Dataset excerpts:
-- Opening Marker --

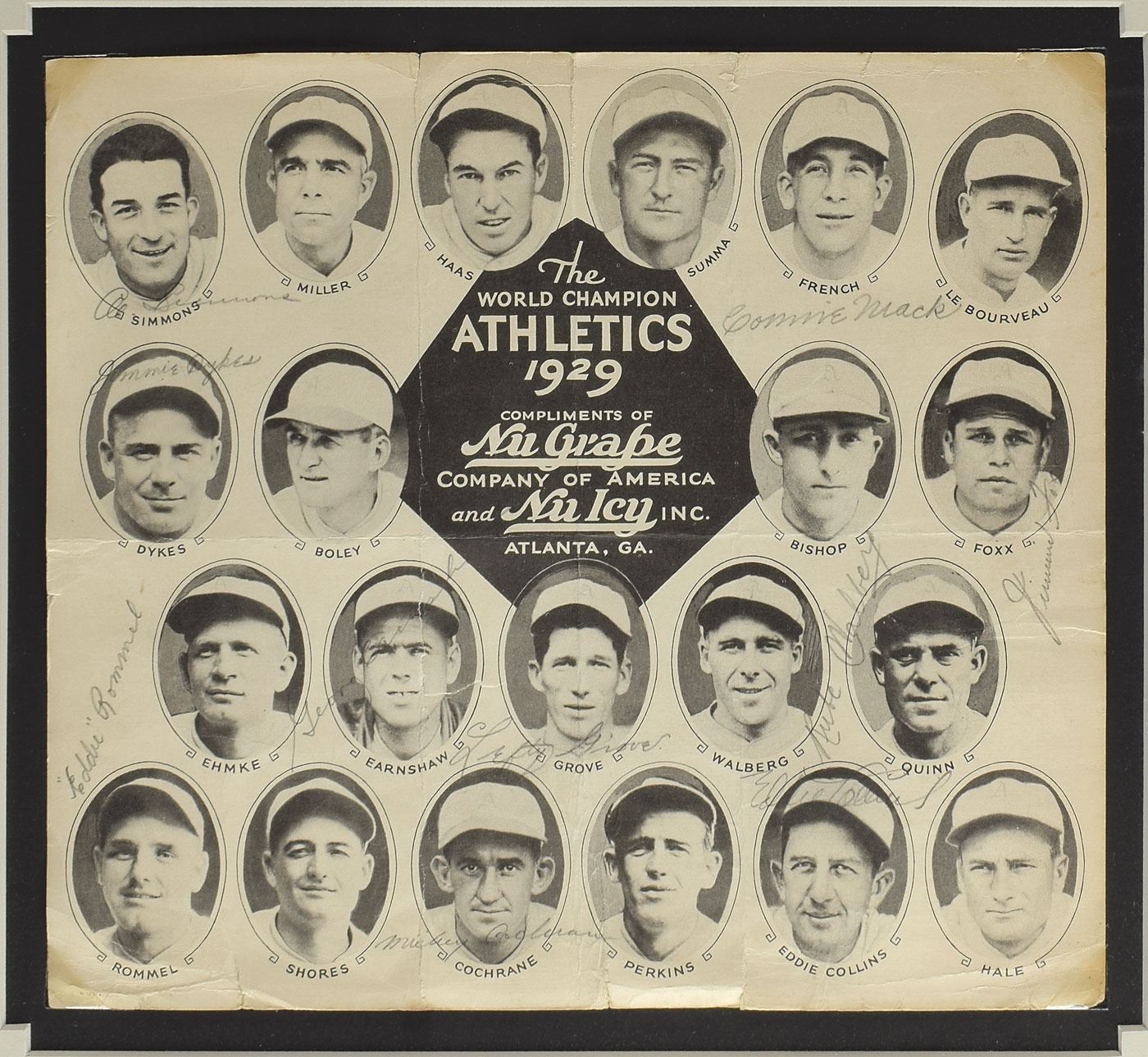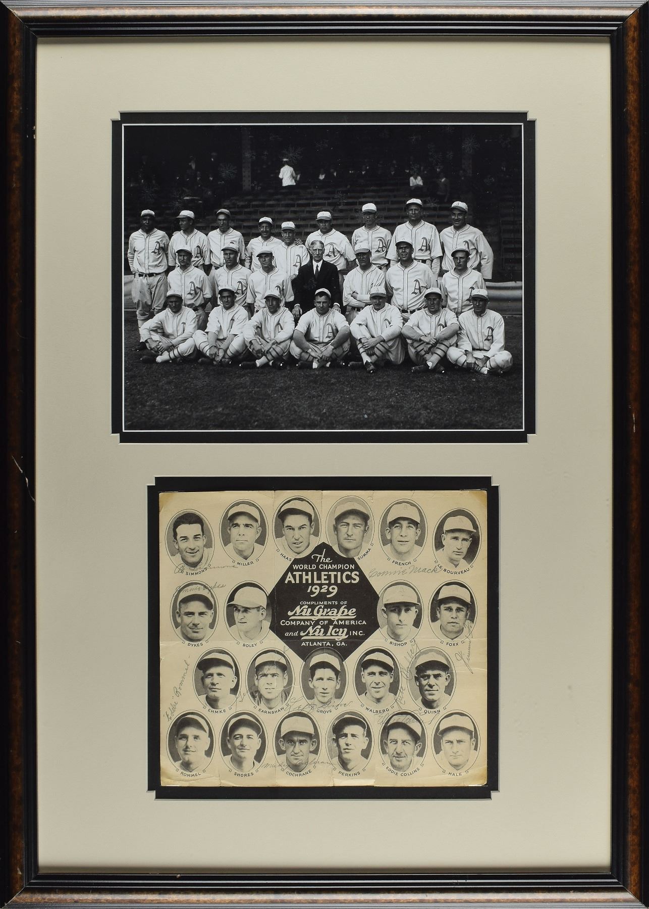 Scarce card-stock 10.25 x 9.25 inch composite advertising premium of the 1929 World Champion Philadelphia A's produced by the Nu Grape Company, signed in pencil by ten members of the World Series–winning team: Jimmie Foxx, Connie Mack, Al Simmons, Lefty Grove, Mickey Cochrane, Eddie Collins, Jimmy Dykes, Eddie Rommel, George Earnshaw, and Rube Walberg. Attractively corner-mounted, matted, and framed with a team photograph to an overall size of 20.5 x 28.5. In very good to fine condition, with intersecting folds and small edge tears. A fantastic composite promo signed by six Hall of Famers.
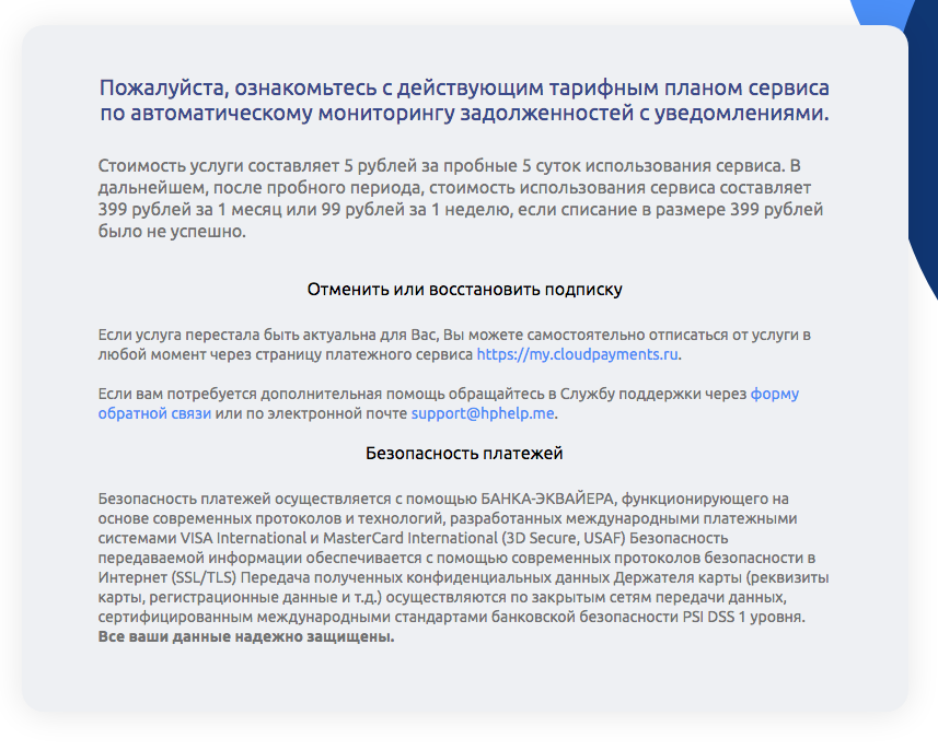 - При оплате картой через платежный сервис CloudPayments — промо-цена 5 рублей за первые 5 дней. Далее будут списывать 399 рублей каждый месяц, а если таких денег на счете не окажется, попытаются списать 99 рублей с продлением доступа на неделю. Таким образом доступ за 399 руб. — при оплате раз в месяц, 99 руб. — при оплате раз в неделю.
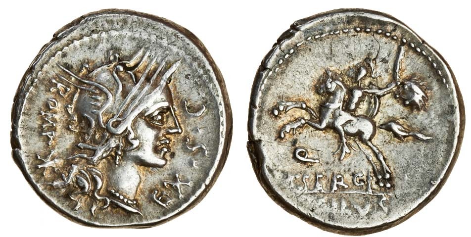M. Sergius Silus (116-115 BC), AR Denarius, helmeted head of Roma right, mark of value behind, rev. horseman galloping left, holding out sword and head of barbarian (RRC 286/1; Sydenham 534; Sergia 1), almost extremely fine
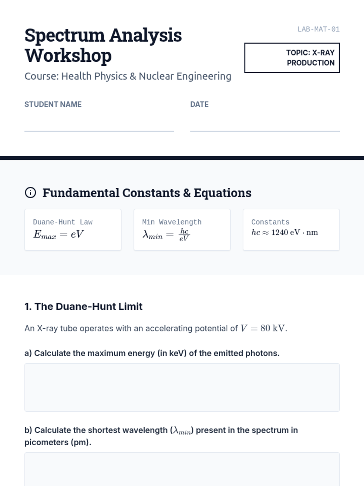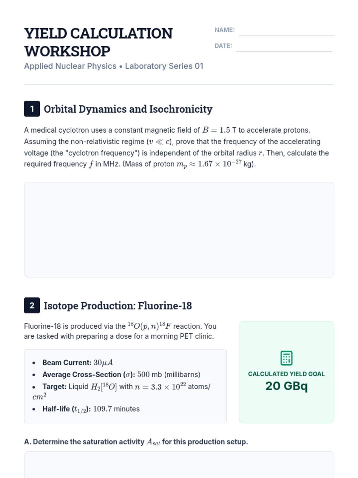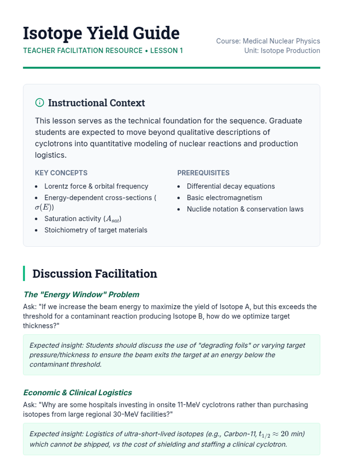 This graduate-level sequence explores the intersection of nuclear physics and medical application, covering isotope production, diagnostic imaging (PET/SPECT), radiation therapy physics, radiobiology, and shielding design. Students apply advanced decay kinetics, interaction physics, and dosimetry principles to solve real-world clinical and industrial problems.
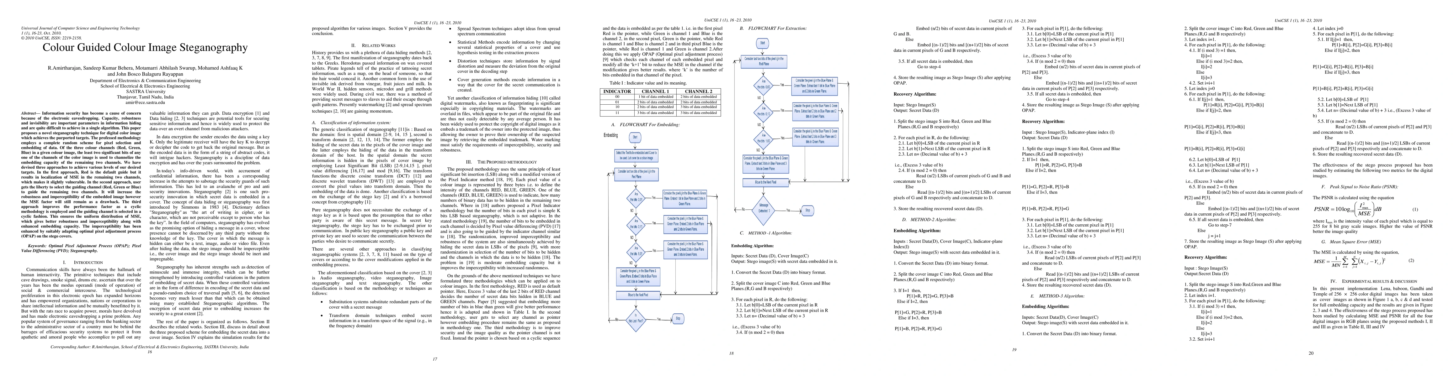 Information security has become a cause of concern because of the electronic eavesdropping. Capacity, robustness and invisibility are important parameters in information hiding and are quite difficult to achieve in a single algorithm. This paper proposes a novel steganography technique for digital color image which achieves the purported targets. The professed methodology employs a complete random scheme for pixel selection and embedding of data. Of the three colour channels (Red, Green, Blue) in a given colour image, the least two significant bits of any one of the channels of the color image is used to channelize the embedding capacity of the remaining two channels. We have devised three approaches to achieve various levels of our desired targets. In the first approach, Red is the default guide but it results in localization of MSE in the remaining two channels, which makes it slightly vulnerable. In the second approach, user gets the liberty to select the guiding channel (Red, Green or Blue) to guide the remaining two channels. It will increase the robustness and imperceptibility of the embedded image however the MSE factor will still remain as a drawback. The third approach improves the performance factor as a cyclic methodology is employed and the guiding channel is selected in a cyclic fashion. This ensures the uniform distribution of MSE, which gives better robustness and imperceptibility along with enhanced embedding capacity. The imperceptibility has been enhanced by suitably adapting optimal pixel adjustment process (OPAP) on the stego covers.
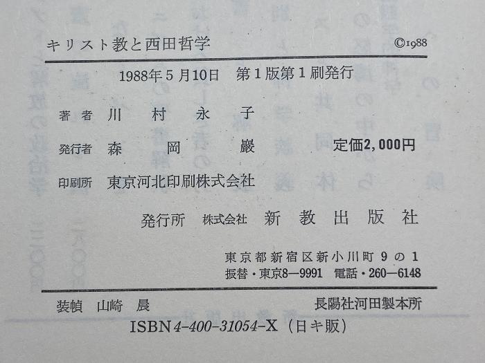 商品名:キリスト教と西田哲学 新教出版社 川村 永子
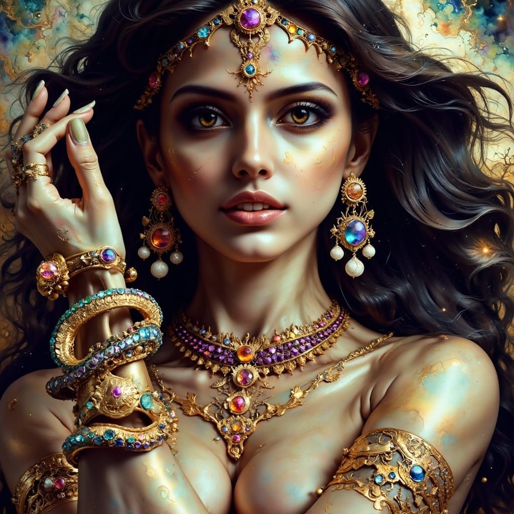 This image depicts a serene and enigmatic goddess of vital energy, surrounded by intricate carvings and soft, golden light, in a style blending Indian folk art with influences from dreamlike symbolism and vibrant, expressive colors.

-- Closing Marker --

EXERCISE BRIEF: Print out the records in full and exactly, dropping every picture.

RESULT OF THIS EXERCISE:
 Scarce card-stock 10.25 x 9.25 inch composite advertising premium of the 1929 World Champion Philadelphia A's produced by the Nu Grape Company, signed in pencil by ten members of the World Series–winning team: Jimmie Foxx, Connie Mack, Al Simmons, Lefty Grove, Mickey Cochrane, Eddie Collins, Jimmy Dykes, Eddie Rommel, George Earnshaw, and Rube Walberg. Attractively corner-mounted, matted, and framed with a team photograph to an overall size of 20.5 x 28.5. In very good to fine condition, with intersecting folds and small edge tears. A fantastic composite promo signed by six Hall of Famers.
 - При оплате картой через платежный сервис CloudPayments — промо-цена 5 рублей за первые 5 дней. Далее будут списывать 399 рублей каждый месяц, а если таких денег на счете не окажется, попытаются списать 99 рублей с продлением доступа на неделю. Таким образом доступ за 399 руб. — при оплате раз в месяц, 99 руб. — при оплате раз в неделю.
M. Sergius Silus (116-115 BC), AR Denarius, helmeted head of Roma right, mark of value behind, rev. horseman galloping left, holding out sword and head of barbarian (RRC 286/1; Sydenham 534; Sergia 1), almost extremely fine
 This graduate-level sequence explores the intersection of nuclear physics and medical application, covering isotope production, diagnostic imaging (PET/SPECT), radiation therapy physics, radiobiology, and shielding design. Students apply advanced decay kinetics, interaction physics, and dosimetry principles to solve real-world clinical and industrial problems.
 Information security has become a cause of concern because of the electronic eavesdropping. Capacity, robustness and invisibility are important parameters in information hiding and are quite difficult to achieve in a single algorithm. This paper proposes a novel steganography technique for digital color image which achieves the purported targets. The professed methodology employs a complete random scheme for pixel selection and embedding of data. Of the three colour channels (Red, Green, Blue) in a given colour image, the least two significant bits of any one of the channels of the color image is used to channelize the embedding capacity of the remaining two channels. We have devised three approaches to achieve various levels of our desired targets. In the first approach, Red is the default guide but it results in localization of MSE in the remaining two channels, which makes it slightly vulnerable. In the second approach, user gets the liberty to select the guiding channel (Red, Green or Blue) to guide the remaining two channels. It will increase the robustness and imperceptibility of the embedded image however the MSE factor will still remain as a drawback. The third approach improves the performance factor as a cyclic methodology is employed and the guiding channel is selected in a cyclic fashion. This ensures the uniform distribution of MSE, which gives better robustness and imperceptibility along with enhanced embedding capacity. The imperceptibility has been enhanced by suitably adapting optimal pixel adjustment process (OPAP) on the stego covers.
 商品名:キリスト教と西田哲学 新教出版社 川村 永子
 This image depicts a serene and enigmatic goddess of vital energy, surrounded by intricate carvings and soft, golden light, in a style blending Indian folk art with influences from dreamlike symbolism and vibrant, expressive colors.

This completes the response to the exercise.